– Он – старослужащий, а тебе еще служить, как медному котелку!
Общаясь с офицерами, служившими в армии еще во время войны (а у нас в полку были и фронтовики), можно было без труда реконструировать процесс зарождения особого авторитета и вытекающих из него привилегий старослужащего солдата. После окончания войны многих из рядового и сержантского состава не увольняли в запас по несколько лет. Утомленные, издерганные службой люди нервничали, томились, ждали. Офицерам (в том числе и политработникам) трудно было привести их к повиновению, иначе как создав пусть и неофициальные, но преимущества. Между тем, потихоньку, медленно, но армия все же разгружалась от выслуживших двойные, тройные, четверные сроки, им на смену приходили новобранцы, не изведавшие ни обстрелов и походов, ни даже бытовых солдатских трудностей. Не делать различий между остававшимися служить ветеранами и зелеными новичками командиры никак не могли. Они всячески попускали первым и усердно гоняли вторых, подключая старослужащих к "воспитанию" призывников. В такой обстановке появление неравенства молодых и "старых" было неизбежным.

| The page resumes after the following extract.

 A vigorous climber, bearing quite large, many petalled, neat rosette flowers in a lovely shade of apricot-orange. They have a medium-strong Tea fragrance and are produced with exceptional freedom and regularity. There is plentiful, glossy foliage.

Однако и в "мое" время далеко еще было до расцвета дедовщины, до ее превращения во всеармейскую, всесоюзную язву, до прочного и почти что узаконенного (не уставами, а тем, что подчас гораздо сильнее любых официальных уложений: общепринятым, вошедшим в привычку обыкновением)правилажизни и службы По крайней мере, у нас в полку не было случая, чтобы новенький прислуживал "старичку", чистил ему сапоги, пришивал подворотничок и т. п. Подвохи и розыгрыши носили шутливый, хотя порою и довольно жестокий характер (например. спящему могли поджечь вставленную между пальцев ноги бумажку, и он во сне начинал сучить ногами: так называемый "велосипед")… Но введенного последующим развитием института "рабства" молодых и владычества "дедов" – пока что не наблюдалось.

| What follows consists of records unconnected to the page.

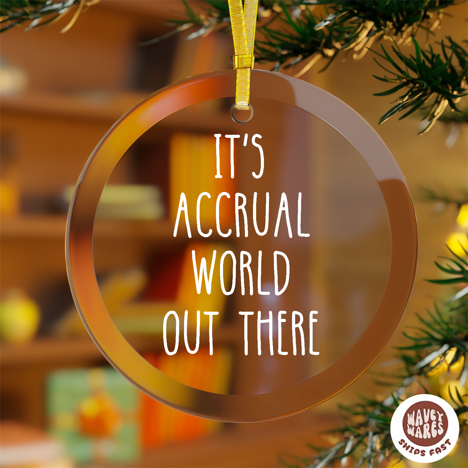 Add a dash of humor to your holiday decor with the "It's Accrual World Out There" ornament. This playful piece is perfect for accountants, finance pros, or anyone who loves clever accounting jokes. Great as a Christmas gift or an office decoration, it brings festive cheer and a smile during tax season and beyond.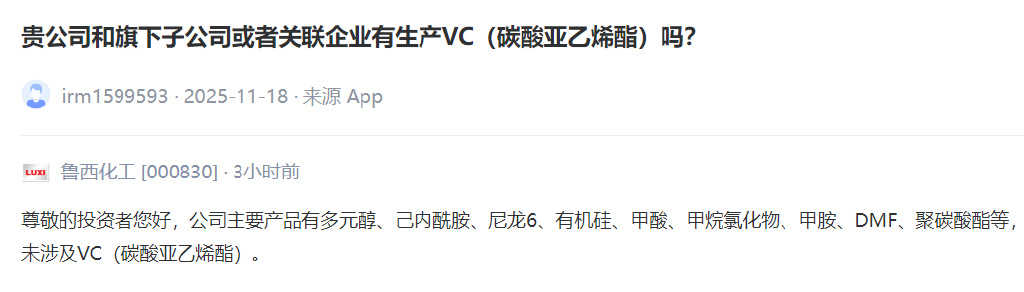 鲁西化工[000830]:公司主要产品有多元醇、己内酰胺、尼龙6、有机硅、甲酸、甲烷氯化物、甲胺、DMF、聚碳酸酯等,未涉及VC(碳酸亚乙烯酯)。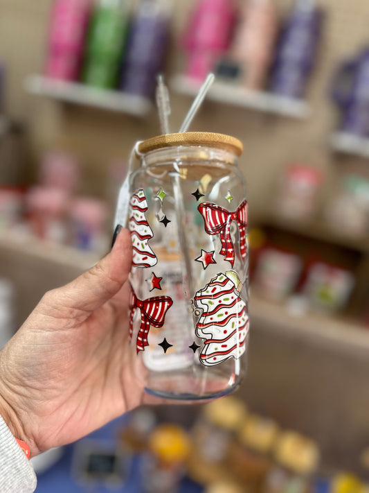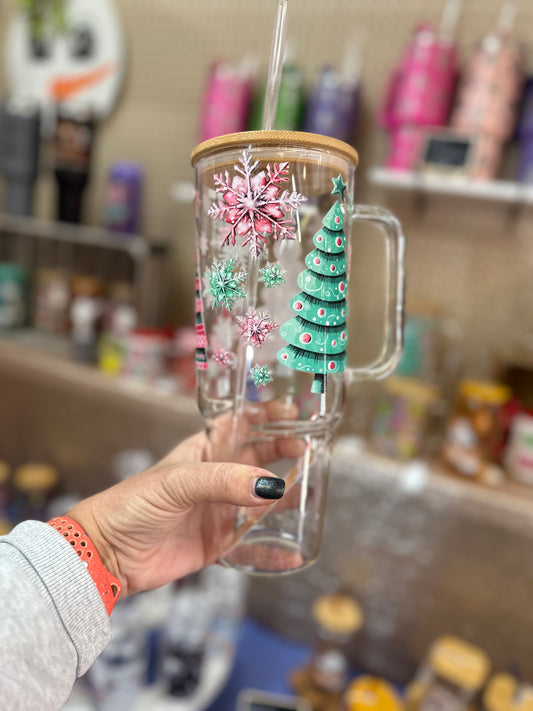 CHRISTMAS Tree 40oz glass cup with bamboo lid and plastic straw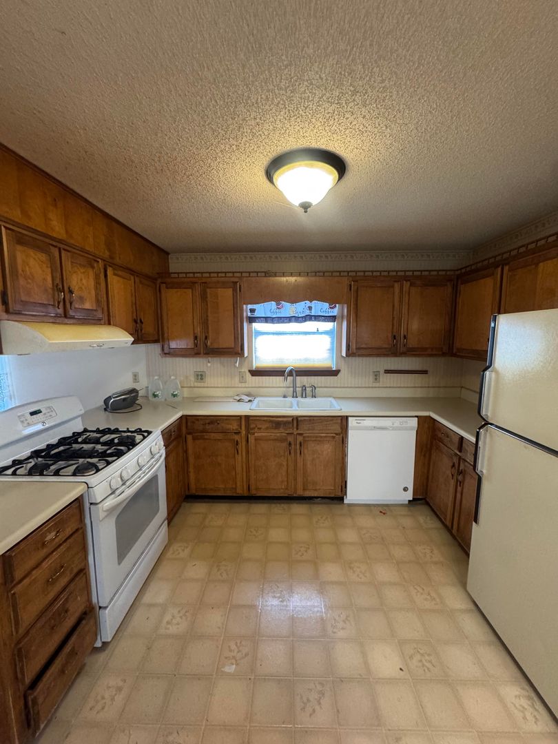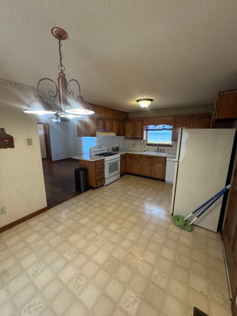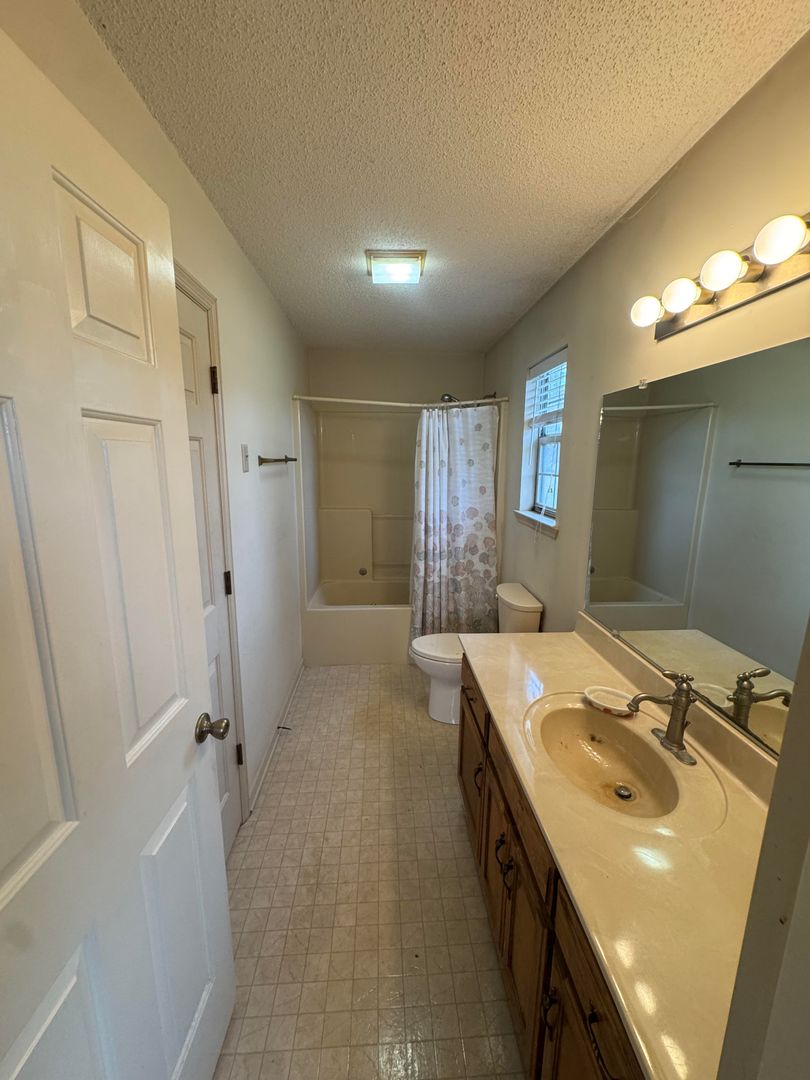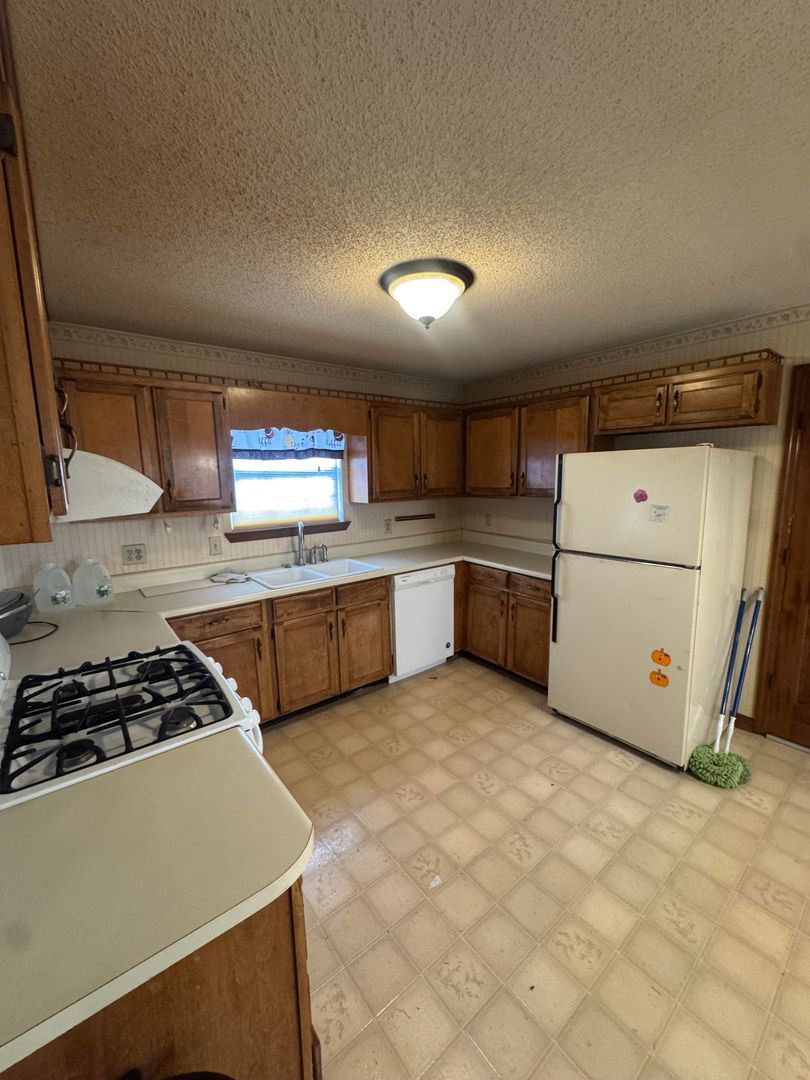 The kitchen offers plenty of cabinet space and comes equipped with a refrigerator, gas stove, and dishwasher. Central heat and air keep the home comfortable year-round.

Да и самого слова "дед", "дедовщина" еще не было. Но явление уже родилось, и для него стихийно искали термин. Через много лет после возвращения я обнаружил записную книжку с конспектом своего выступления или доклада на комсомольском собрании. К середине второго года моей службы у нас объединили радиовзвод с телефонным, создав единый взвод связи, и образовали одну комсомольскую организацию "взводов боевого обеспечения", включив туда и взвод разведки. Она стала самой большой в полку, превысив по численности комсомольские организации каждой из четырех батарей. Совершенно неожиданно секретарем выбрали меня.

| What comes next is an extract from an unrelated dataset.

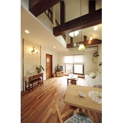 暗さ解消のため、日当たりを考慮してLDKを2階に移動。天井は吹き抜けにして、さらに開放感を演出しました。吹き抜けには広さ5帖のロフトを設けています。 ロフトは当初収納に使う予定でしたが、床を貼り手すりを設置することで単なる収納とするのがもったいない仕上がりに。子どもたちの格好の遊び場となっているそうです。 水目桜の床、珪藻土の壁に、アクセントとして一部にエコカラットを使用しています。梁は既存のものに木材を貼り、化粧することでナチュラルな雰囲気に合わせました。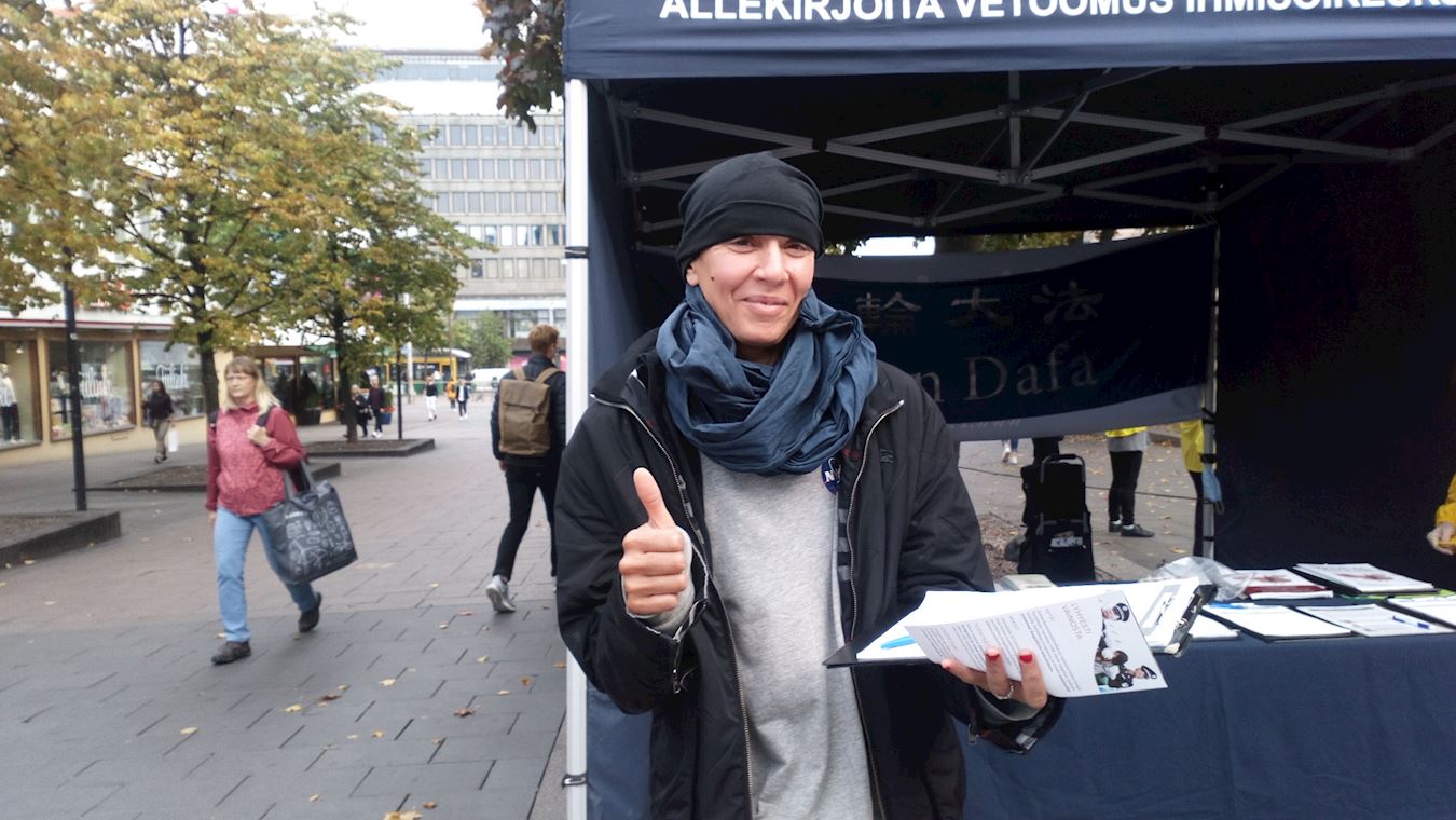 巴瑞卡(Parika)是一位来自爱沙尼亚的女士。她感慨地说:“你们站在这里发声是非常重要的事情。迫害一定要停止。这不是一般的迫害,而是种族灭绝。神会保佑你们,迫害一定会很快结束。”她还说:“我会回去阅读更多法轮功的信息。之前也听说过法轮功,但是没有想到迫害这么严重。”临走时,她双手合十,表示对学员的感谢。

"Комсомольский вожак" в армии – фигура весьма декоративная. Даже комсорг полка, а ведь я был всего-навсего комсоргом подразделения. И однако у меня появились кой-какие специальные заботы и даже трудности. Самая существенная заключалась в том, что особенности
"комсомольской демократии" в армии (как и "демократии партийной") исключают критику снизу служебных действий начальников. То есть, имея звание рядового, я мог критиковать любого сержанта за то. что он, скажем, напился и буянил, но у меня не было права выступить на собрании против его недопустимо грубого отношения к подчиненным.
Но комсомольские собрания надо было проводить, на них надо было что-то говорить… Вот к одной из таких моих речей и сохранился набросок плана. Там отдельным пунктом записано "стариковство". Позже в общесоюзном масштабе его назовут "дедовщиной". (У нас почти не говорили "дед" – все больше "старик").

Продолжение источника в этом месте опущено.